As the Consumer Electronics Show (CES)kicks off this week in Las Vegas, the FCC's action today in 6 GHz promises more jaw-dropping innovations and massive consumer benefits for years to come, driving growth in wireless, IoT, and related industries. GVP devices will support high data rates suitable for AR/VR, short-range hotspots, automation, and indoor navigation. GVP devices will overcome limitations of previous device classes by allowing higher power and outdoor mobility.
Chairman Carr issued the following statement:
"President Trump is unleashing American innovation and leadership. This is great news for consumers that will benefit from even better, faster, and more affordable wireless services. By voting this month to expand unlicensed operations in the 6 GHz band, the FCC enables consumers to benefit from supercharged Wi-Fi and a new generation of wireless devices--from AR/VR and IoT to a range of innovative smart devices. This puts America back at the forefront of technological leadership, benefiting our consumers, economy, and innovators."

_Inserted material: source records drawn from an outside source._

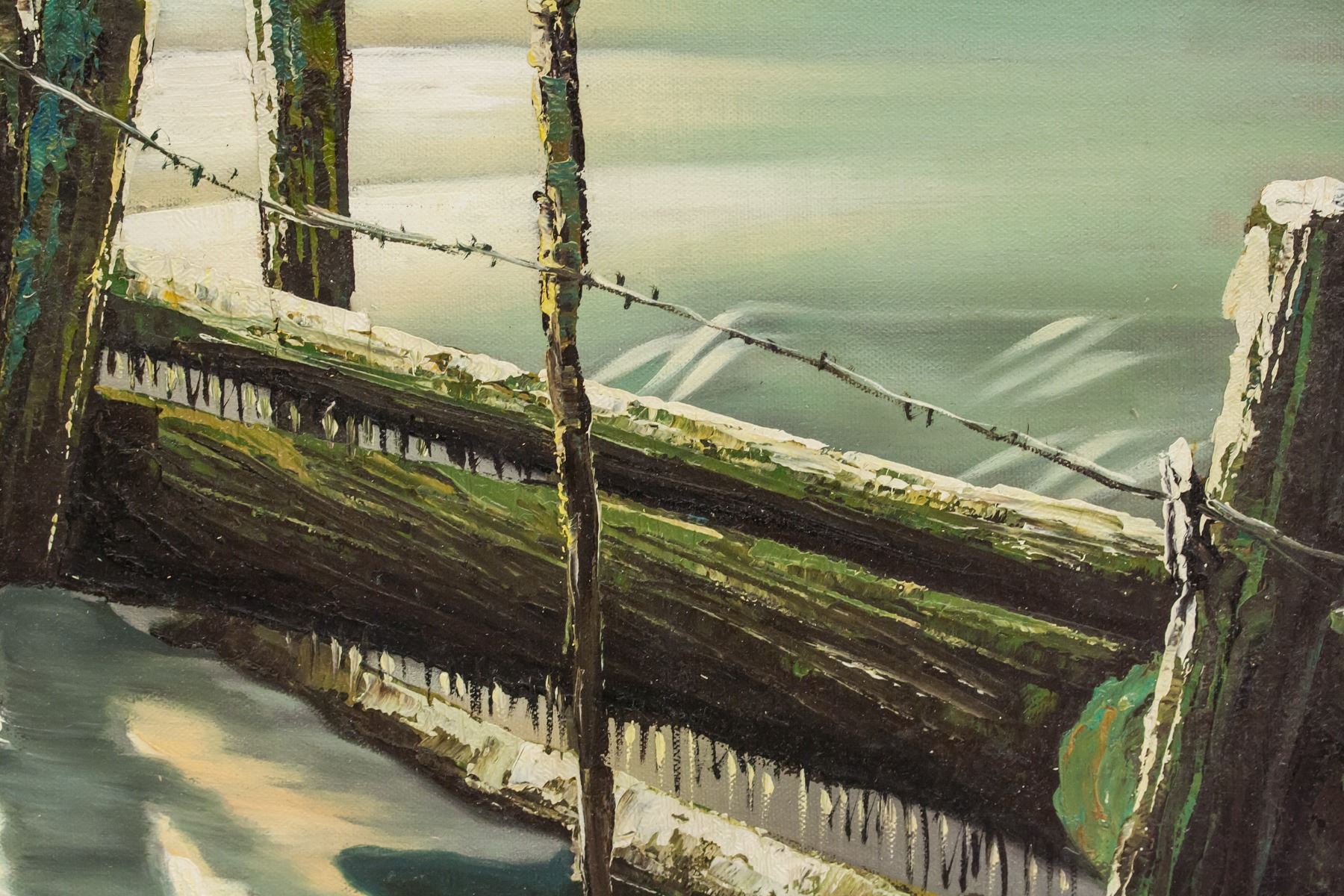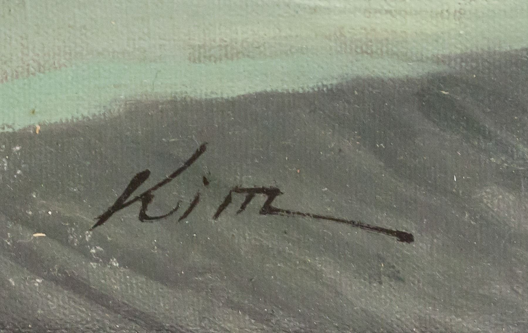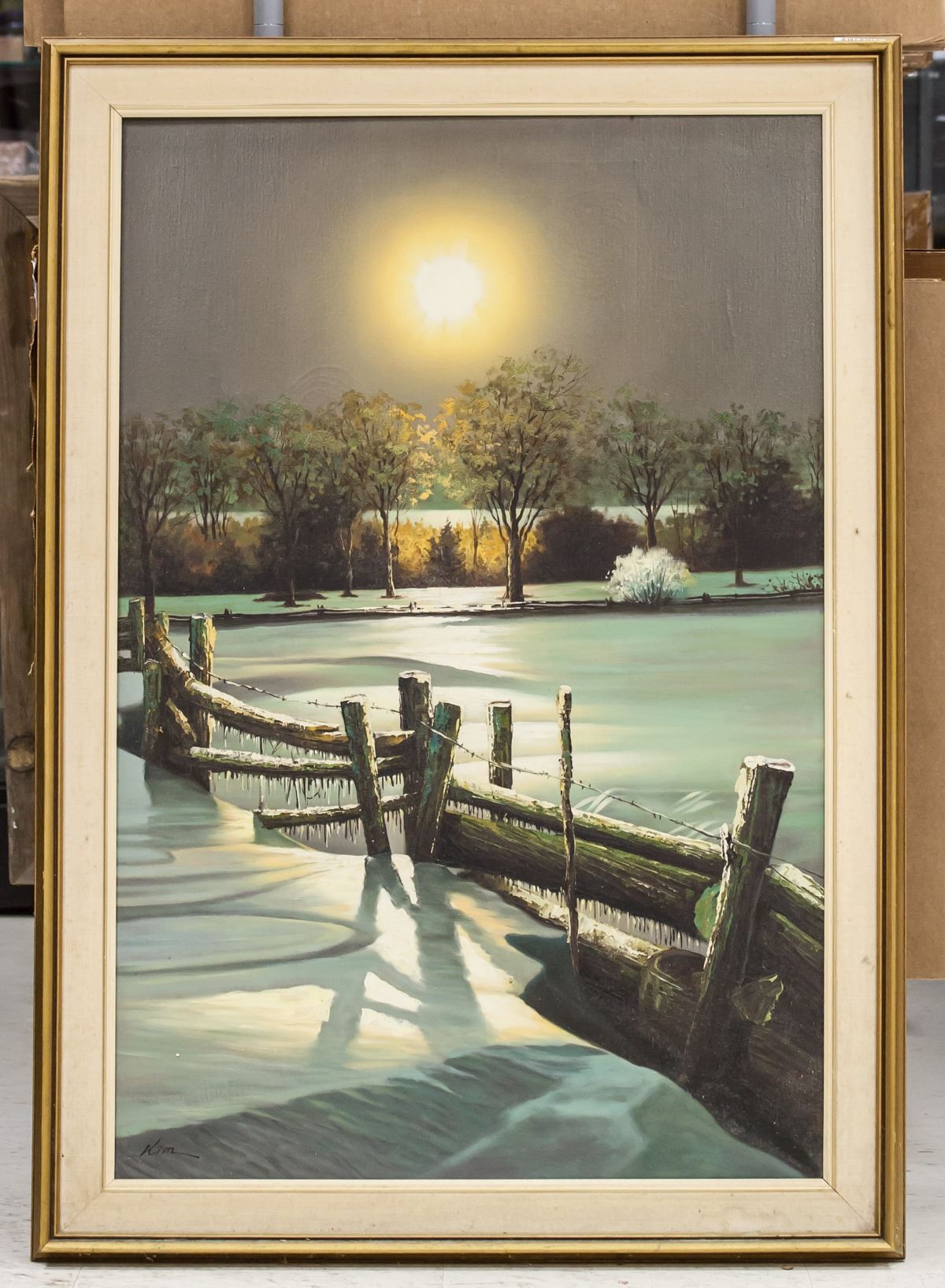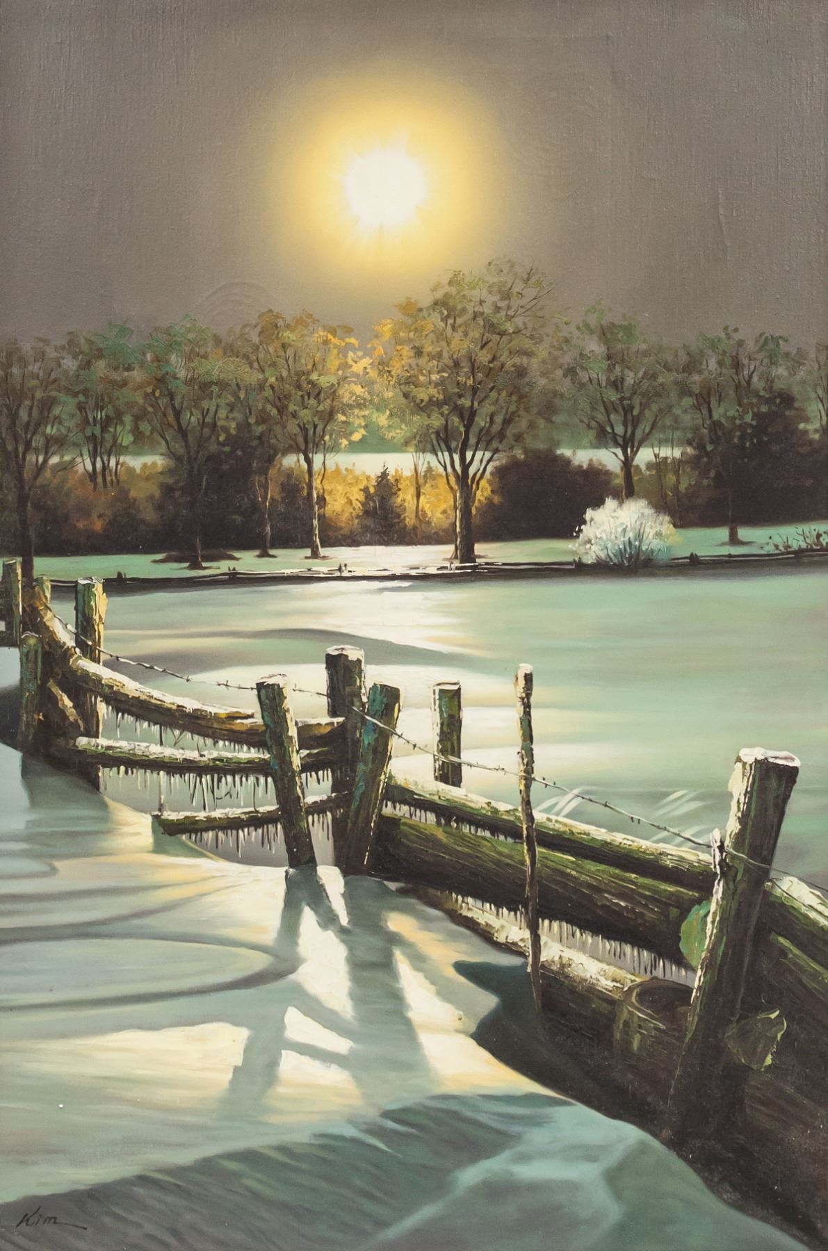 Oil on canvas, framed. Featuring landscape scene with moonlight reflecting off the snow. Signed by Kim Suk Hwan (Korean-Canadian, 20th Century) in the bottom left corner. 90 x 60 cm (35.5 x 24 in), Frame: 104 x 73 cm (40.5 x 29 in). Provenance: Acquired from the artist, circa 1980s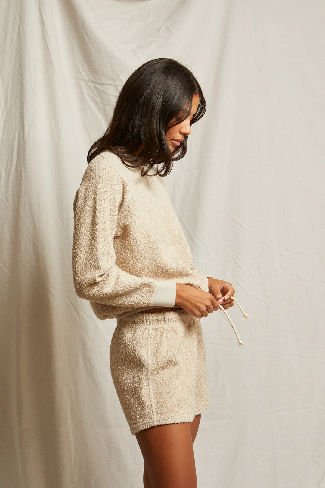 dani summer boucle drawstring short by perfectwhitetee - putty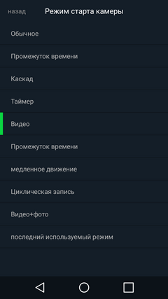 | Расширенные настройки | Выбор режима переворота картинки | Выбор режима съемки по умолчанию |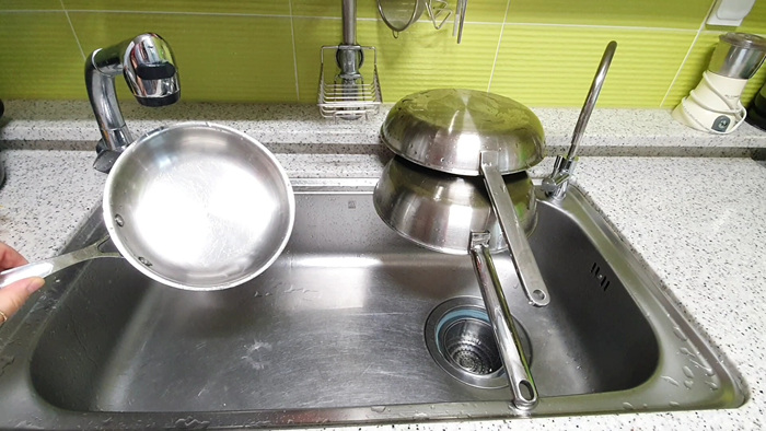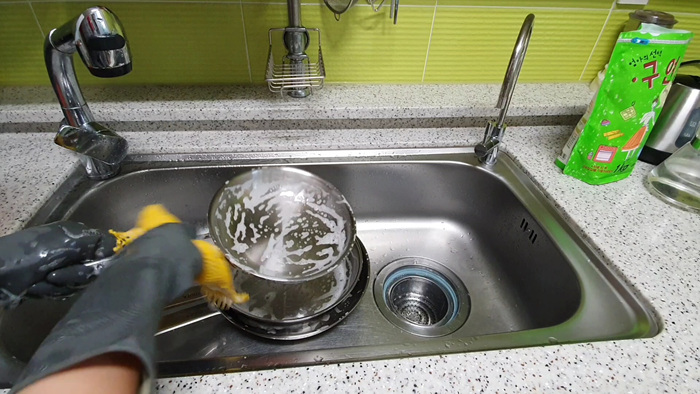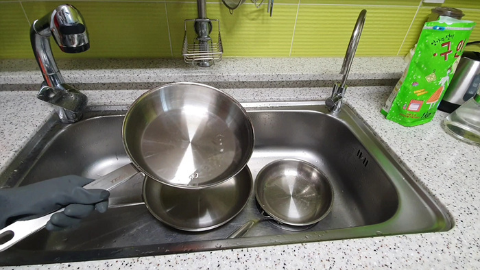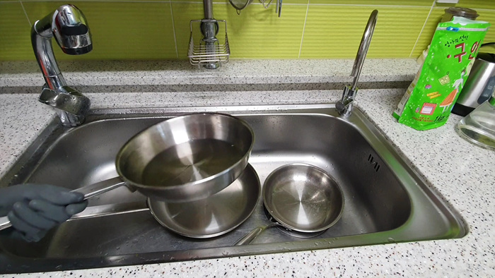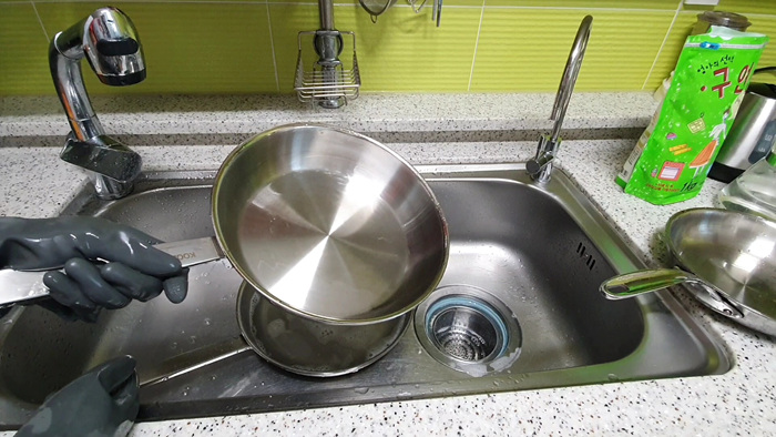 구연산으로 스테인레스 후라이팬의 얼룩을 제거했다면 주방세제를 이용해 한 번 더 설거지 후 깨끗이 헹궈주면 그 더럽던 얼룩들이 싹 다 씻겨 나갑니다.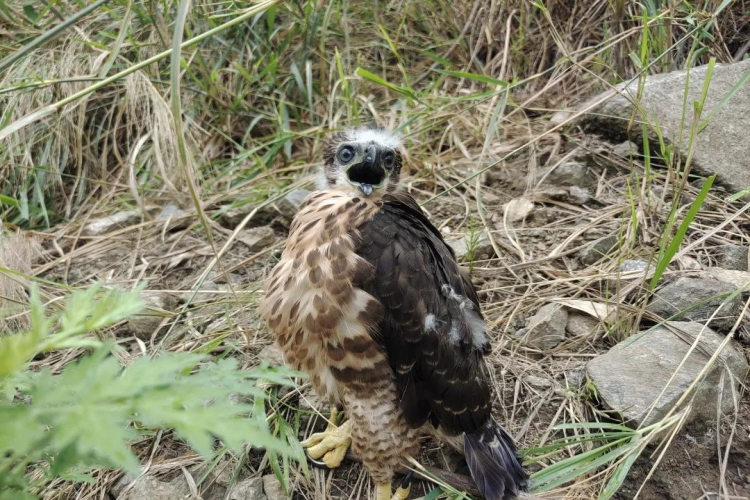 经民警仔细检查辨认,这是一只疑似苍鹰雏鸟,其身体未发现明显外伤,估计是由于没有得到正常进食,体力不支,加之又是雨天其翅膀淋了雨以后导致不能正常飞行。随后,民警给该雏鸟补给食物,经观察发现其已恢复体力,综合评估能适应野外的生活,便将其带到附近的林区进行放归自然。(泸水市公安局)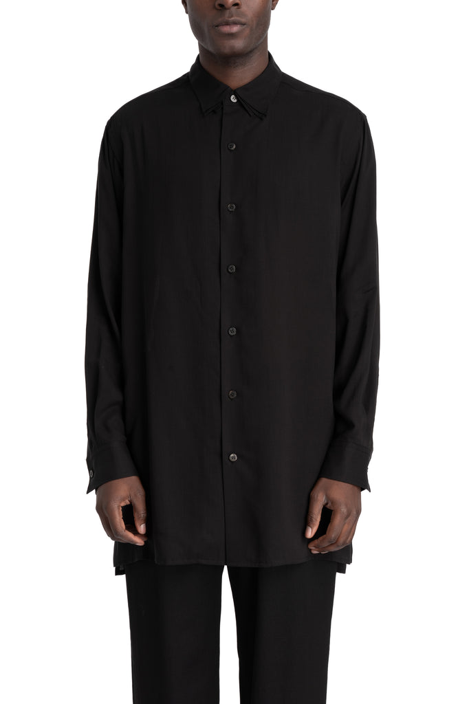 Men’s black woven cellulose shirt featuring tripple layered collar from the SS26 collection from Y’s Yohji Yamamoto.
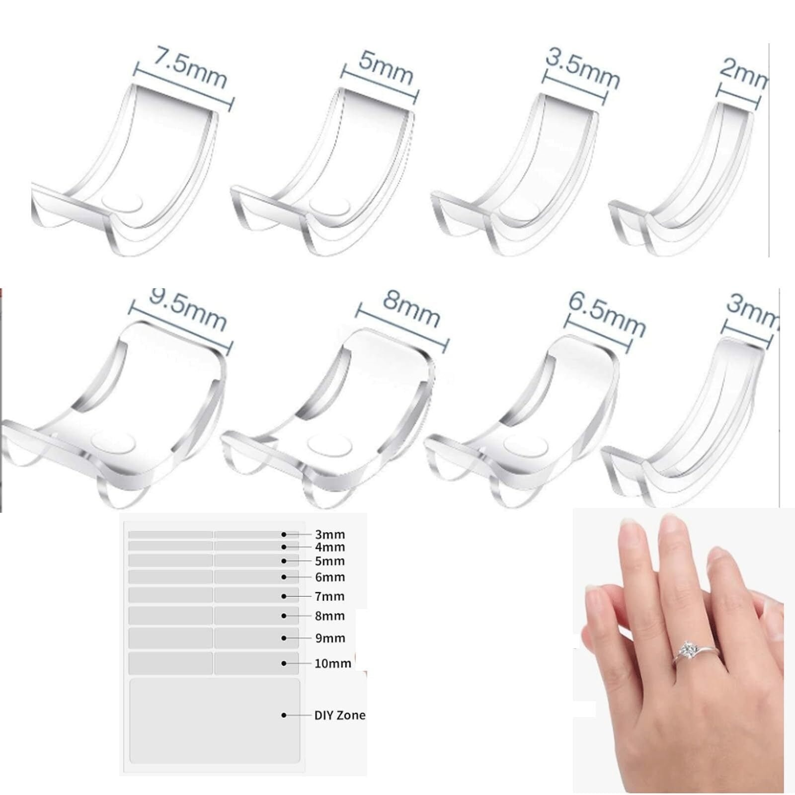 【新春セール】【Bookwarm】指輪 サイズ調節 リングアジャスター【二種類:粘着テープ仕様17枚 嵌入式仕様8枚】滑り止め 貼るだけ 指輪脱落防止用 リングサイズ調整用シリコンパッド 透明で違和感なく DIY サイズ調整 二種類仕様で合計25枚,ルーズリング用 (8) | 無意味ステッカー
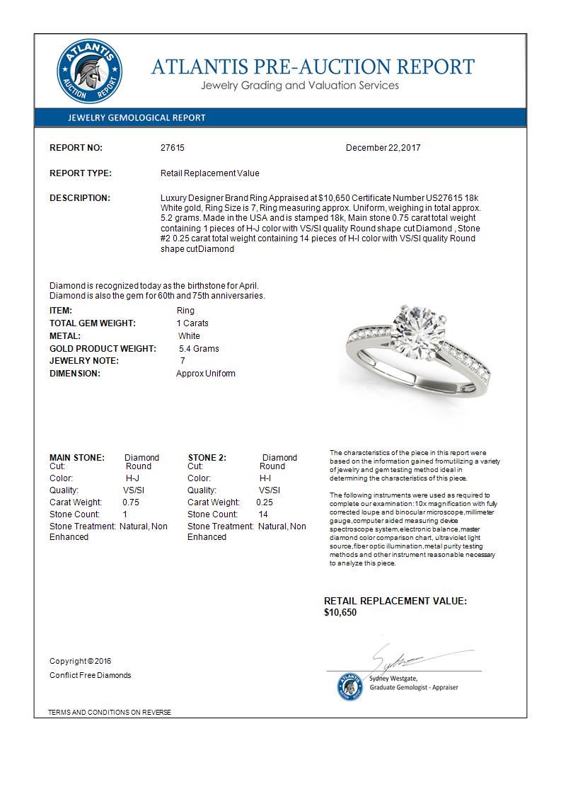 REF-193H3A -27615 ---- 1 CTW Certified VS/SI Diamond Solitaire Ring 18K White Gold ---- Luxury Designer Brand Ring Appraised at $10,650 Certificate Number US27615 18k White gold, Ring Size is 7, Ring measuring approx. Uniform, weighing in total approx. 5.2 grams. Made in the USA and is stamped 18k, Main stone 0.75 carat total weight containing 1 pieces of H-J color with VS/SI quality Round shape cut Diamond , Stone #2 0.25 carat total weight containing 14 pieces of H-I color with VS/SI quality Round shape cut Diamond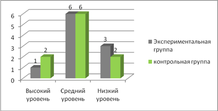 Вывод: результаты констатирующего эксперимента показали, что большинство детей в обеих группах находятся на среднем уровне представлений о форме предметов. Следует отметить, тот факт, что при примерно одинаковых результатах, средний балл результативности выполнения заданий диагностики в контрольной группе выше на 1, 7 балл, чем в экспериментальной группе. Количество детей с высоким уровнем в контрольной группе составляет 2 человека, а в экспериментальной 1 человек. На низком уровне в контрольной группе меньше на одного испытуемого, чем в экспериментальной группе.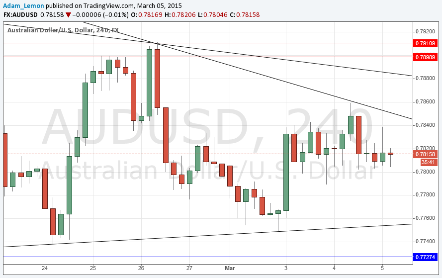 Last Tuesday’s signals were not triggered as the price never reached either 0.7898 or 0.7750.

Additional Background Information:
Geofenced variable power (GVP) devices promise to overcome technical and regulatory constraints of other low power devices such as low power indoor (LPI) and very low power (VLP) devices. GVP devices offer data rates suitable for reality/virtual reality, short-range hotspots, automation processes, and indoor location and navigation because they operate at significantly higher power than VLP devices. At the same time, GVP devices need not be restricted indoors, as is the case with LPI. These benefits will be made possible by restricting GVP devices from operating in exclusion zones on certain frequencies to protect incumbent licensed services from any significant risk of harmful interference.
In addition to the proposed Order creating a new category of GVP devices, the Commission will seek comment on proposals that could provide more utility for unlicensed devices in the 6 GHz band. Specifically, the FCC would seek comment on a proposal to allow composite standard-power and LPI access points to operate with additional power under certain circumstances, and a proposal to permit LPI access points to operate on cruise ships.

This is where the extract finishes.